Мальчишка жадно заглатывал кусок за куском, подставив под подбородок ладонь – чтобы не потерять ни одной крошечки, торопливо глотал, жмурился и фыркал от наслаждения. Верочка терпеливо ждала. Доев последний бутерброд и высыпав в рот крошки, Фархад с сожалением вздохнул, затем засунул руку в карман и извлёк вожделенный брелок.
– На, получи!
– Спасибо… – прошептала Верочка, боясь поверить собственному счастью и пятясь назад, чтобы поскорее скрыться в недрах квартиры, в безопасности – а то вдруг он передумает?..
Жар-птица серьёзно не пострадала за эти месяцы в чужих руках. Только не хватало одного пёрышка в хохолке. Но это, в принципе, была такая мелочь, на которую не стоило обращать внимания.
А Фархад, кстати, в лихие девяностые выбился в люди – то есть в «братки». Приобрёл авторитет в кругу таких же бандитов, напялил хрестоматийный малиновый пиджак и лихо расправлялся с недругами, одновременно крышуя сеть «комков». Его младшая сестра (та самая, что некогда донашивала шмотки за Верочкой), красотка Севара с оленьими глазами, стала скандально известной моделью – её обнажённые фотографии появлялись на первых полосах газет типа «СПИД-инфо». Когда Вера вернулась в Россию из США, до неё долетели слухи о том, что Фархад теперь – уважаемый бизнесмен, владелец сети отелей, а сестра его – классическая дама с Рублёвки, вышедшая замуж за порядком потрёпанный, но увесистый денежный мешок. Неизвестно только, как отнеслась дворничиха Насиба к такому повороту в судьбе своих отпрысков…
В конце последнего дошкольного лета на Веру свалилось нежданное-негаданное счастье.

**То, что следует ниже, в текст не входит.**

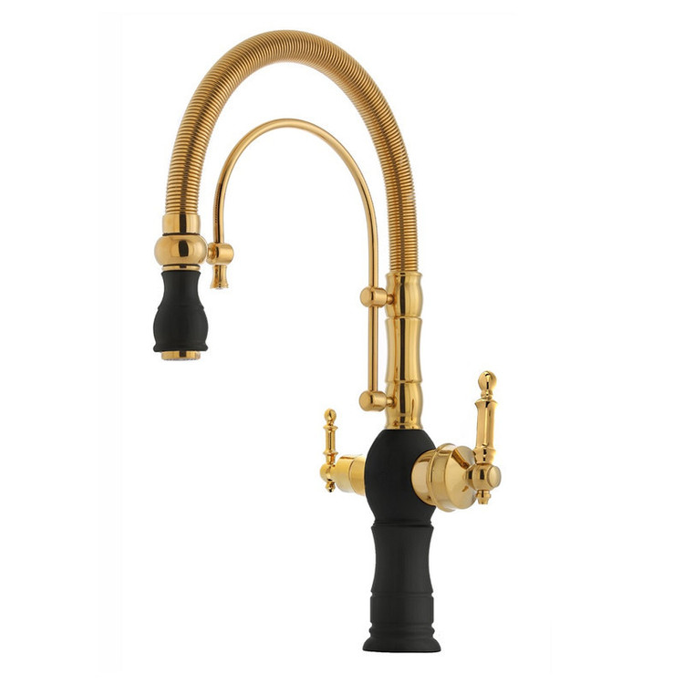 شیر اشپزخانه دو منظوره بیزانس مشکی طلایی x 3عدد شیلنگ اتصال سایز 3.8 x آچار زیربندی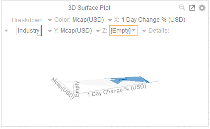 For example, in this 3D Surface Plot visualization, the Industry column is added as the breakdown, when the [Empty] value is selected, the Z axis will be set to 1 (0 to 1.00):

Отпуска у отца и мачехи одновременно выпадали на август, поэтому ими были немедленно приобретены путёвки в семейный санаторий «Морская звезда». Оставив бабушку на хозяйстве, все остальные отправились на юг, в Одессу – «в цветущих акациях город у Чёрного моря», как пел уже знакомый Верочке по бабкиным рассказам Леонид Утёсов.
Римма Витальевна, оказывается, была с великим певцом знакома и даже приятельствовала с ним и его подругой, балериной Антониной Ревельс, ставшей впоследствии его второй женой. Громова частенько получала приглашения в дом на Каретном ряду, рядом с садом «Эрмитаж», где собиралась вся богема советской Москвы, – Утёсов не выносил одиночества. В последние годы он сильно сдал, болел, но гостей принимал по-прежнему с удовольствием. И рядом всегда находилась верная Ревельс. «Тонечка ведь славная, милая, безобидная, как младенец, – рассказывала бабушка, – даром что её сейчас все пытаются очернить, называя хитрой, расчётливой и чёрствой стервой. Я же не знаю человека преданнее и невиннее её…»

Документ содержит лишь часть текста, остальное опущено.